Era tempo che volevo visitare la cantina Ettore Germano, attirata dalla piu’ viva curiosità di provare il loro Riesling, il celebre Hérzu, vitigno che reputo tra i piu’ affascinanti e eleganti finora degustati e in assoluto tra i miei preferiti.
Sì perché Sergio Germano, figlio di Ettore, é stato uno tra i pochi pionieri delle Langhe, terre che di fatto sono associate prettamente ai superbi Barolo, che venticinque anni fa ha scommesso nell’impiantare questo vitigno tedesco nelle colline langarole di Ciglié, a una trentina chilometri dalla collina Cerretta di Serralunga d’Alba dove si trova l’azienda.
Ma andiamo con ordine.
La nostra visita inizia, con un po’ di sorpresa, dalla degustazione. In effetti degustare la serie dei loro vini introdotti e accompagnati da una perfetta e esauriente illustrazione di tutto quello che c’é a monte, é un ottimo incipit.
Ettore Germano é una azienda che dal 1856 a oggi ha visto un susseguirsi di quattro generazioni e con esse una espansione, una evoluzione e – come detto – una buona dose di innovazione e coraggio che hanno portato l’azienda a essere riconosciuta tra le grandi firme piemontesi dei vini delle Langhe.
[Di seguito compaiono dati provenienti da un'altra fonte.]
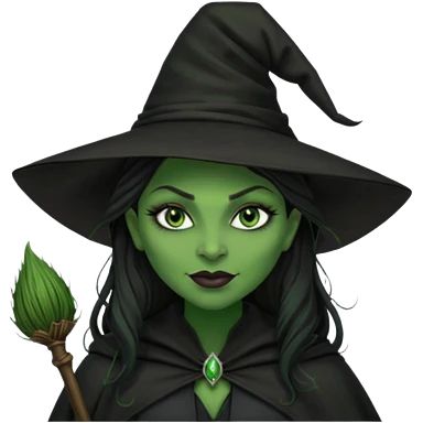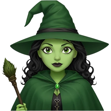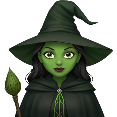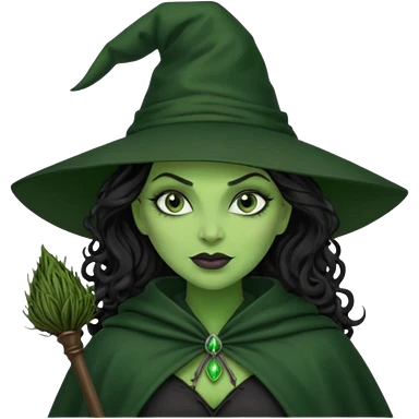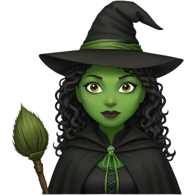 elphaba wicked witch with broom close up, evil dark curly long dark hair, green skin, thick green lips, cheekbones, smirk evil menacing cythia erivo dark aesthetic black hat cloak black broom emoji
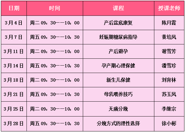 【孕婦學(xué)?!亢谩霸小毕喟椤袐D學(xué)校3月份課程安排表,請(qǐng)查收!
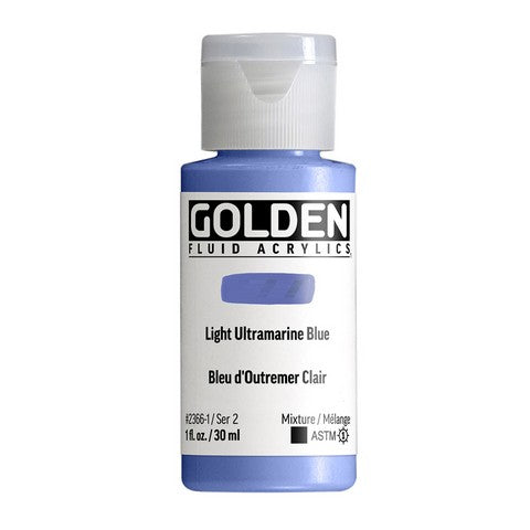 Fluids are created by loading an acrylic polymer binder with concentrated levels of quality pigments for a wide selection of permanent and light-fast colors. No fillers or extenders are added to achieve the desired consistency, nor is the fluid quality achieved with additional water. GOLDEN Fluid Acrylics have the same pigment load as the Heavy Body Acrylics, but in a viscosity similar to heavy cream. Fluids allow for smooth flowing applications while retaining color intensity, tinting strength, film integrity, and adhesion.
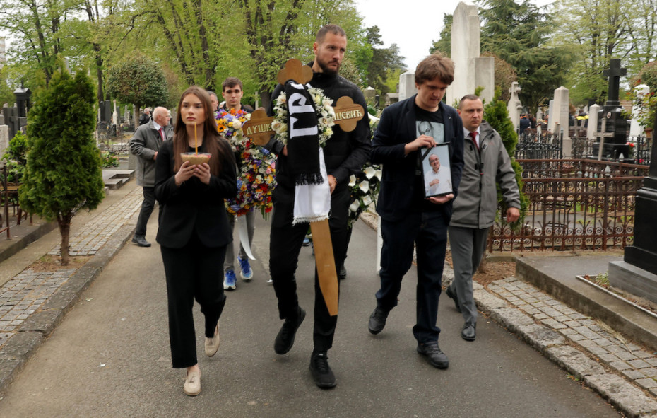 12.00 - Sanduk sa telom Duška Vujoševića ispred kapele na Novom groblju.

I vini bianchi e gli spumanti a base Chardonnay, Pinot Noir, Riesling e Nascetta vengono prodotti principalmente nella zona Alta Langa di Ciglié; i vini rossi come Barbera, Nebbiolo e Barolo provengono proprio dai vigneti di Serralunga d’Alba che si possono amirare dalla loro terrazza.
La degustazione (sulla quale mi dilunghero’ in modo approfondito a tempo debito) inizia con Rosanna (dedicato alla moglie di Ettore), un metodo classico extra brut rosé prodotto da uve Nebbiolo: per me é la prima volta e rimango felicemente sorpresa dalla sua nota di frutti rossi e, a dispetto dal suo bassissimo tenore zuccherino, dal suo retrogusto quasi abboccato.
Poi passiamo al Nascetta, vitigno a bacca bianca autoctono che tra il suo iter in cantina prevede un passaggio di 6 mesi in anfora: anche questa é per me una prima volta, anche questa una piacevole sorpresa.
E quindi arriviamo a lui, il tanto atteso Riesling Hérzu: benché Giulia, guida attenta e preparatissima, ci suggerisca che il tempo migliorerà il suo bouquet ed esalterà le sue note di idrocarburo (appena percettibili), io rimango ammaliata dalla sua perfetta sintonia costruita da aromaticità e mineralità: niente é fuori posto, é semplicemnte equilibrio puro.
Concludiamo la serie con gli immancabili re del territorio: degustiamo in parallelo il Barolo Cerretta e il Barolo Prapò. Sono come due cugini, nelle loro vigne scorre il Nebbiolo, ma la loro esposizione nonché composizione del terreno differenti (una più calcarea, l’altra più sabbiosa) li distinguono totalmente. Il Barolo Cerretta é molto più strutturato e carico in tannini con note principalmente di frutta matura e sentori di cuoio, il Barolo Prapò ha invece una nota fruttata di ciliegia, lamponi, con tannini più morbidi. Entrambi del 2016, entrambi da apprezzare tra qualche anno.
Un’attenta cura dei 21 ettari di vigne all’insegna del biologico, la vendemmia fatta rigorosamente a mano e uno zelo in tutte le operazioni in cantina non possono che dare i loro frutti nelle loro annuali 150mila bottiglie.
E aggiungo il tocco estetico delle nuove etichette disegnate da Elena, la moglie di Sergio, che trovo semplicemente autentiche e piene di passione.
Peccato che la giornata sia uggiosa e che il panorama dalla terrazza sia imbrattato dalla foschia: in fondo siamo a ottobre, però i colori autunnali sono uno spettacolo! Proprio come la visita appena conclusa: uno spettacolo.